One: What is AVL tree?
In my last article, binary search trees and binary Search methods, I described binary search trees as data structures in detail. The biggest problem with binary search trees is that they are not a balanced binary tree.
In the extreme case of given data, such as adding elements from an incrementing array to a binary search tree, the binary search tree is reduced to a linked list.
To solve this problem of binary search trees, two former Soviet computer scientists Georgy Adelson-Velsky and Evgenii Landis invented a self-balancing binary search tree. This data structure is named after the initials of the two scientists, namely: AVL tree.
So let’s review again what is a balanced binary tree?
First, the balanced binary tree must be a binary search tree.

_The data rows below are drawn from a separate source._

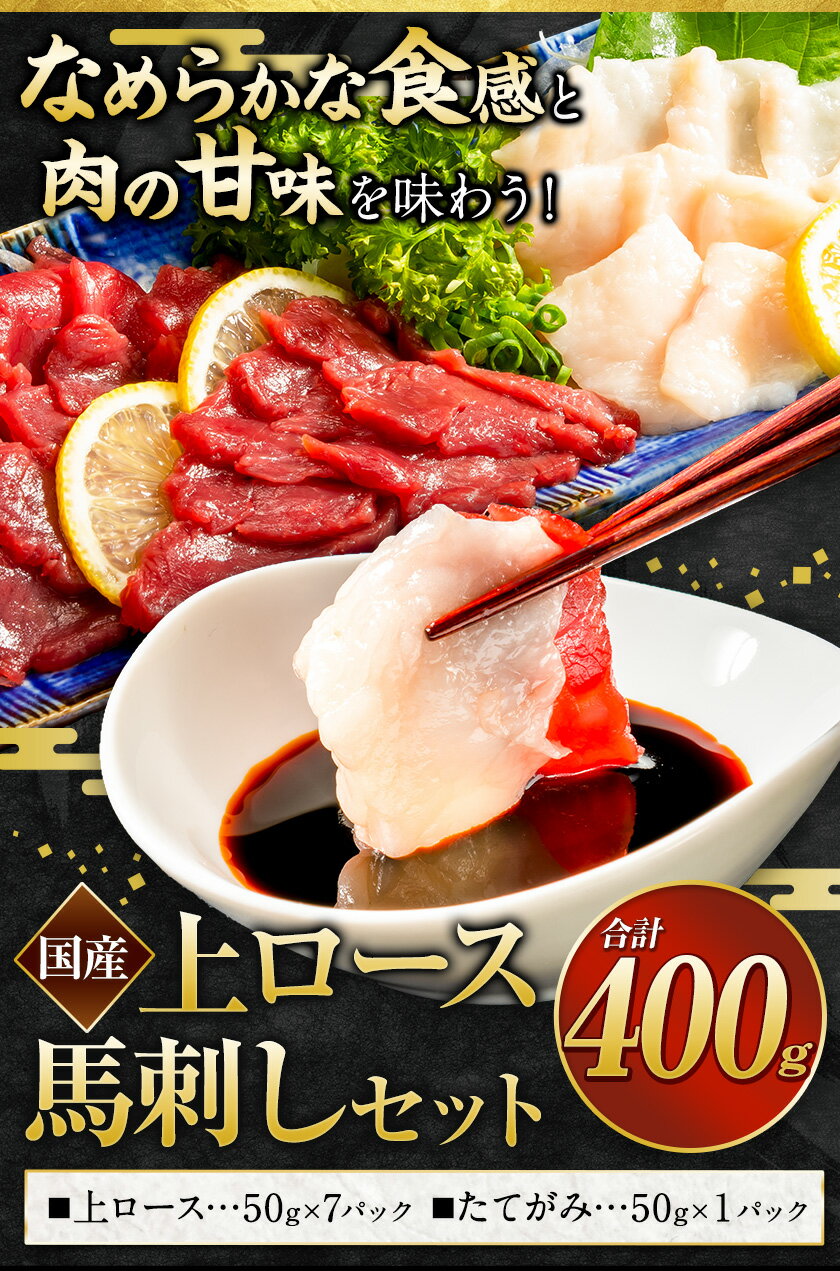 - 【ふるさと納税】馬刺し 国産 上ロース馬刺しセット 合計400g 50g小分け《90日以内に出荷予定(土日祝除く)》 たてがみ コーネ ブロック 国産 熊本肥育 冷凍 生食用 肉 馬ロース 絶品 牛肉よりヘルシー 馬肉 熊本県玉東町 送料無料 楽天スーパーSALE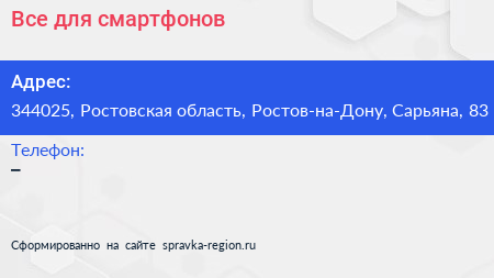 Все для смартфонов по адресу 344025, Ростовская область, Ростов-на-Дону, Сарьяна, 83 в дальнейшем Организация, размещена в следующих категориях: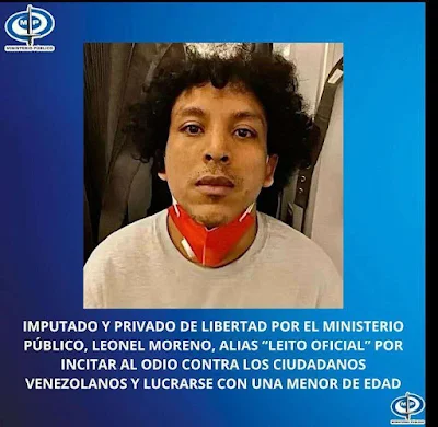 El Fiscal General detalló que "Leíto Oficial" utilizaba sus plataformas digitales para difundir contenido delictivo, incitando al odio contra ciudadanos venezolanos. Además, se le acusa de explotar a su hija menor de edad para obtener beneficios económicos de manera ilícita.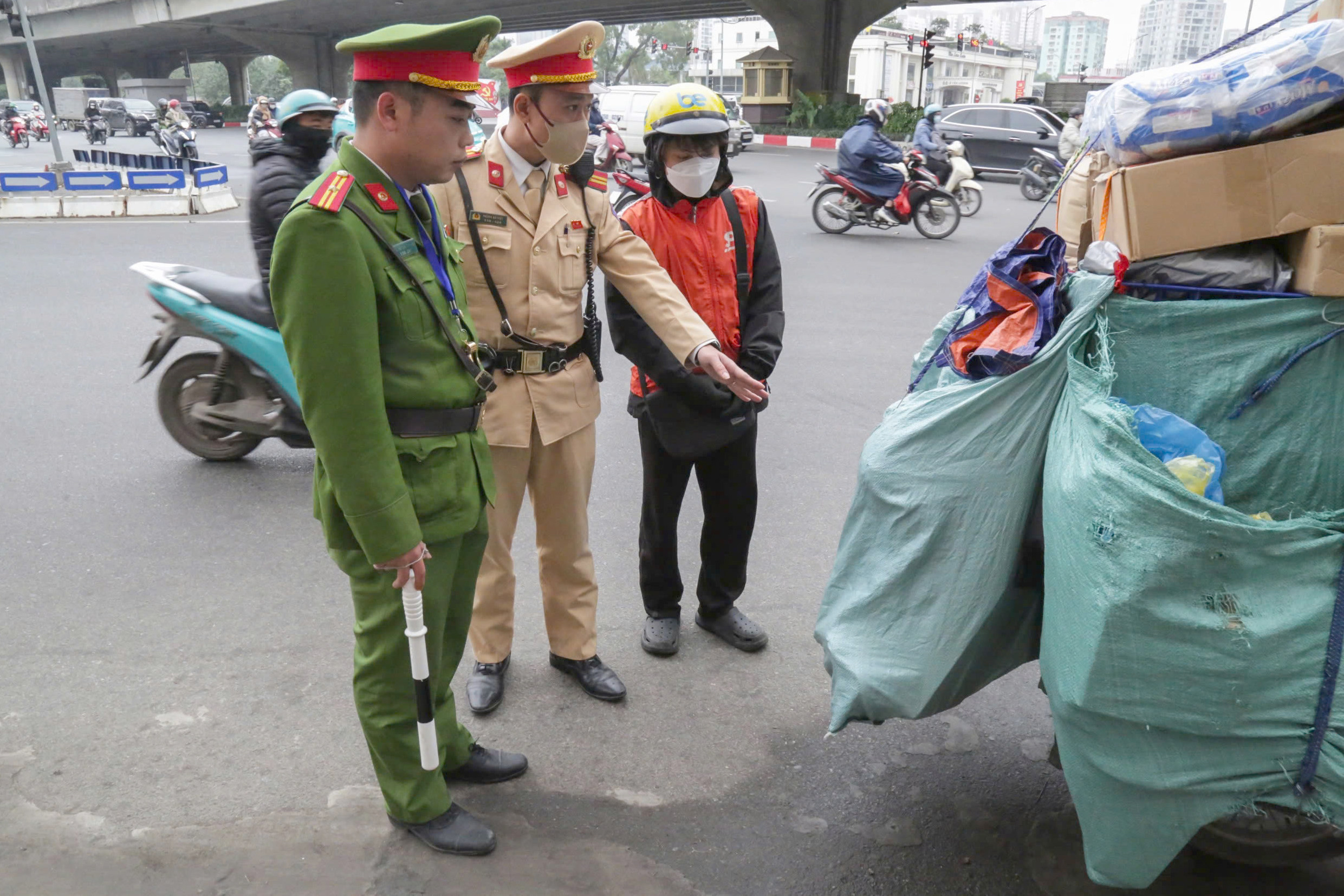 Trưa 22/1, tổ công tác của Đội CSGT đường bộ số 7 (Phòng CSGT Công an TP Hà Nội) phối hợp với Đội điều khiển giao thông sử dụng hệ thống camera AI để soi chiếu, xử lý các trường hợp shipper chở hàng hóa cồng kềnh che khuất biển kiểm soát.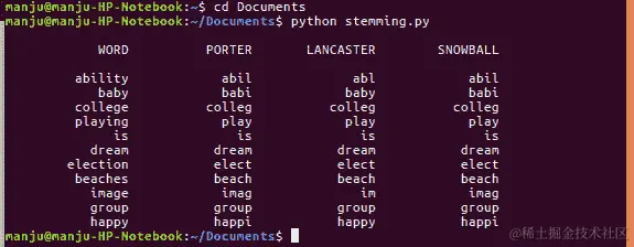 词干处理过程得到的结果如下截图所示: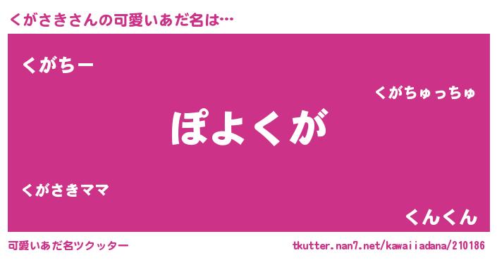 | 恥ずかしいあだ名 | 『くがっちょ』『プリティーくがさき』 |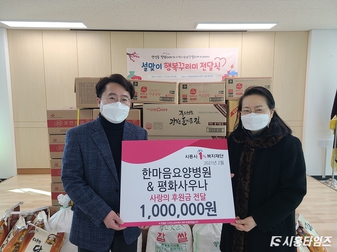[시흥타임즈] 한마음요양병원&평화사우나(대표 김명숙)가 지난 3일 1%복지재단을 통해 연성동 지역사회보장협의체(공공위원장 이상익/민간위원장 김명숙)로 후원금 100만원을 전달했다. 김명숙 대표는 연성동 지역사회보장협의체를 이끌고 있는 위원장으로 활동하며 계절음식 및 밑반찬 나눔 사업, 복지위기가구 발굴 비대면 홍보 캠페인, 저소득층 맞춤형 기금사업 등 관내 어려운 이웃을 위한 다양한 사업을 기획ㆍ진행하고 있다. 평소에도 지역 내에서 도움이 손길이 필요한 곳이면 마다하지 않고 나눔 활동을 펼치고 있다.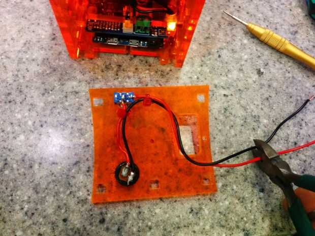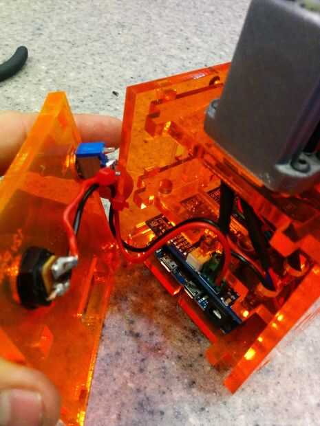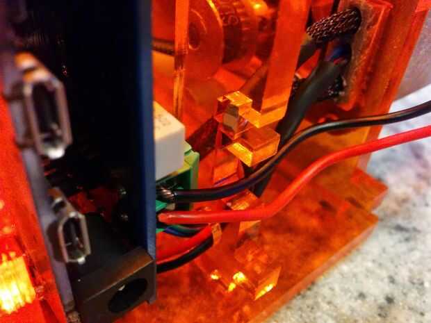Si tienes exceso de cable para el conector de alimentación / conmutador adelante y recorte por ahora. Luego inserte el cable negro en la toma de tierra terminal (izquierda en fotos) y el tornillo hacia abajo. Llevan el mismo con el rojo insertar en el + terminal en la gShield.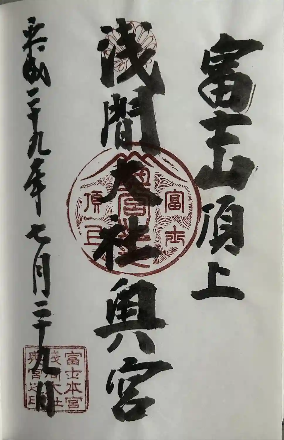 富士山山頂 浅間大社奥宮と久須志神社の御朱印です。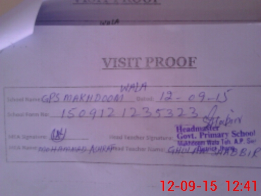 | Attendance Register | Head Teacher | MEA with School | Visit Proof |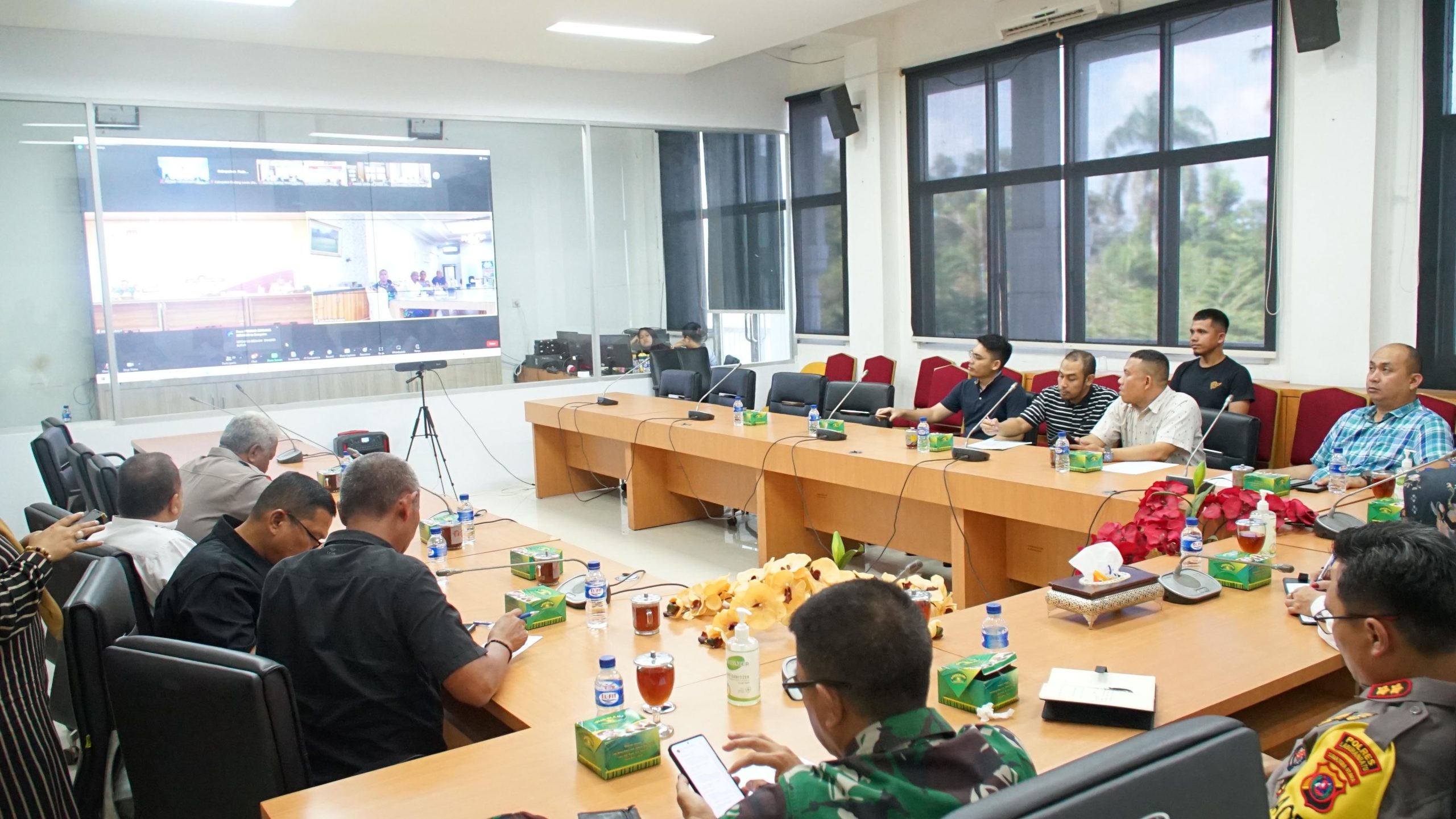 Turut hadir mengikuti Video Conference Perkembangan Pemilu se-Sumut, para Kepala Daerah, dan Forkopimda se-Sumatera Utara.*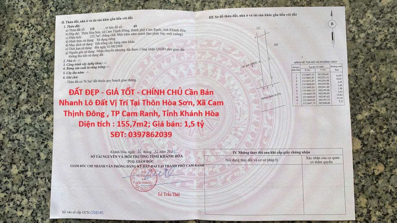 ĐẤT ĐẸP - GIÁ TỐT - CHÍNH CHỦ Cần Bán Nhanh Lô Đất Vị Trí Tại TP Cam Ranh, Tỉnh Khánh Hòa
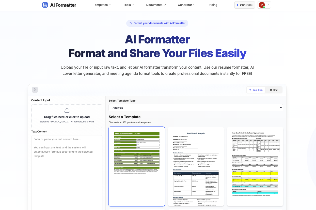 AI Formatter is a cutting-edge AI-powered document formatting platform that revolutionizes how professionals, job seekers, and businesses create polished documents. Transform raw text and uploaded files into professionally formatted documents instantly with AI-powered formatting technology and access to over 100+ premium templates.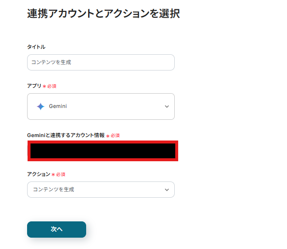 タイトルと連携するアカウント情報を任意で設定し、アクションはテンプレート通りのまま「次へ」をクリックして進んでください。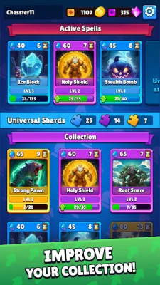 Challenge players from around the world in our real-time PvP mode, where tactics, strategy and cards level up are key to victory. Play chess, rise through the ranks, prove your skills, and become the ultimate chess pro! Show off your strategies and outsmart your opponents in intense virtual battles that will keep you on the edge of your seat.
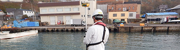 沖合いの防波堤などに水準点(渡海)を設置する為の作業で、基準となる高さを付与し、現況調査や沈下計測における与点として使用します。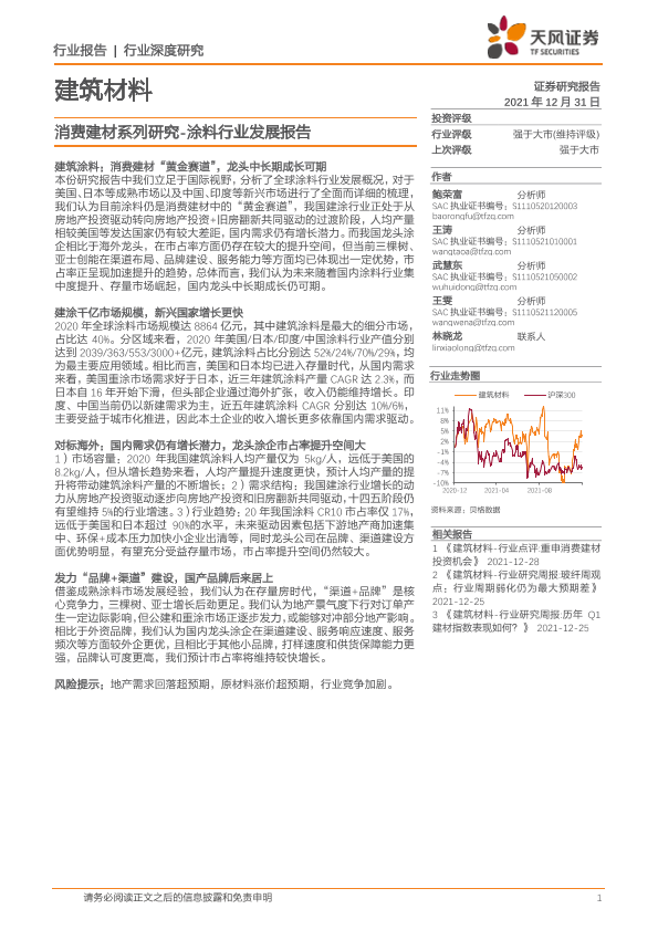 【天风证券】【20211231】建筑材料行业消费建材系列研究:涂料行业发展报告-30页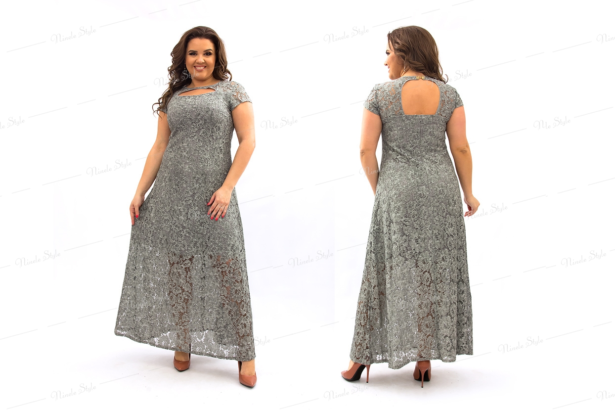 Светло-серое гипюровое вечернее женское платье с открытой спиной 275-3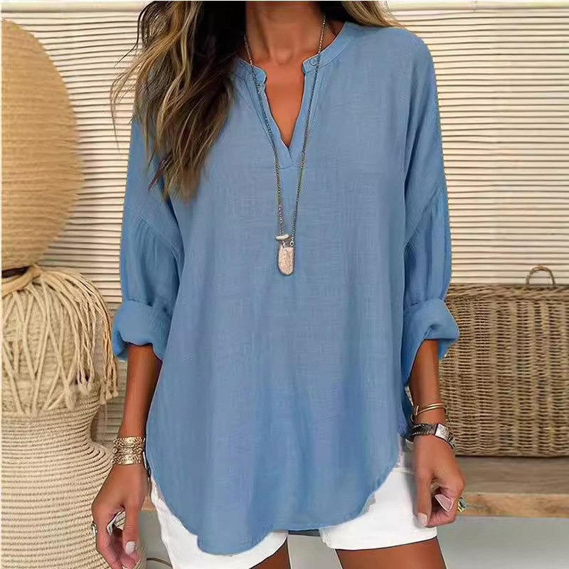 2024 국경을 넘는 대외 무역 이베이 유럽과 미국은 아마존 면화와 린넨 플러스 사이즈 셔츠 V 칼라 버튼 긴 소매 폭발을 기원합니다스토어 가기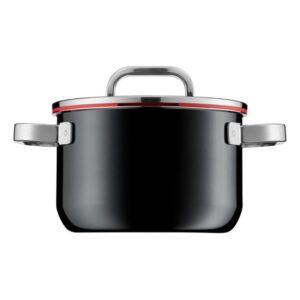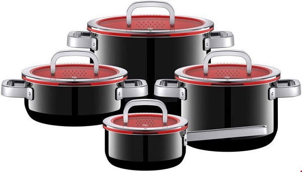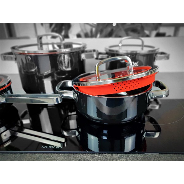 سرویس قابلمه 8پارچه دبلیو ام اف مدل WMF FUSIONTEC Functional Black از 7 قطعه ساخته شده از فولاد ضد زنگ با روکش سیلارگان ( نوعی روکش جدید که بسیار مقاوم است و از بین نمی رود این نوع روکش چسبندگی بسیار کمتری نسبت به استیل دارد ولی نچسب نیست و ضد سرطان و فاقد مواد شیمیایی است ) که درب آن از شیشه ای و دور درب دارای سیلیکون با 3 مدل خروجی بخار و آب است همچنین دسته های قابلمه در طول پخت و پز داغ نمی شوند ، غذای خود را هنگام پخت به دلیل درب شیشه ای به راحتی کنترل کنید . کف سه لایه جهانی ثبت شده TransTherm به لطف توزیع و حفظ بهینه گرما ، هنگام پخت و پز در مصرف انرژی صرفه جویی می کند . قابلمه های Fusiontec دارای دسته های توخالی هستند که انتقال حرارت را از قابلمه به دسته کاهش می دهند . سطح فوق العاده صاف و فوق العاده سخت در برابر خراش و خط ، بنابراین به راحتی تمیز می شود و همیشه ظاهر آن جدید است . لطفا توجه داشته باشید این محصول نچسب نیست و باید به شرایط استفاده از آن دقت کنید.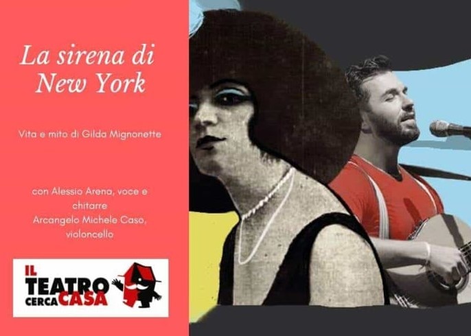 Domenica 14 ottobre ore 18, Il Teatro cerca Casa arriva alla Fabbrica del divertimento di Ercolano (Via Madonnelle 29), con “La Sirena di New York – Vita e mito di Gilda Mignonette”, spettacolo tratto dal romanzo “La notte non vuole venire” – uscito il 4 ottobre 2018 per Fandango Libri – del “cantascrittore” originario del Rione Santà, Alessio Arena. In scena, oltre allo stesso Arena (voce e chitarra), il violoncellista Arcangelo Michele Caso, anche autore delle elaborazioni musicali.

It is either an empty tree, or the absolute value of the difference between the height of the left subtree and the height of the right subtree (alias: balance factor) is no more than 1, and both the left and right subtrees of a balanced binary tree are balanced binary trees.
Next, we will explore how AVL tree, a data structure, can be self-balanced on the basis of binary search trees.
Two: realization of AVL tree
1. Node height and balance factor
How are AVL trees self-balanced?
If AVL wants to satisfy this property of balanced binary tree, it must ensure that the absolute value of balance factor of all nodes does not exceed 1. Therefore, THE AVL tree can maintain self-balance, which is actually to adjust the structure of the tree by detecting the balance factor of nodes when the structure of the tree changes (adding or deleting nodes to the AVL).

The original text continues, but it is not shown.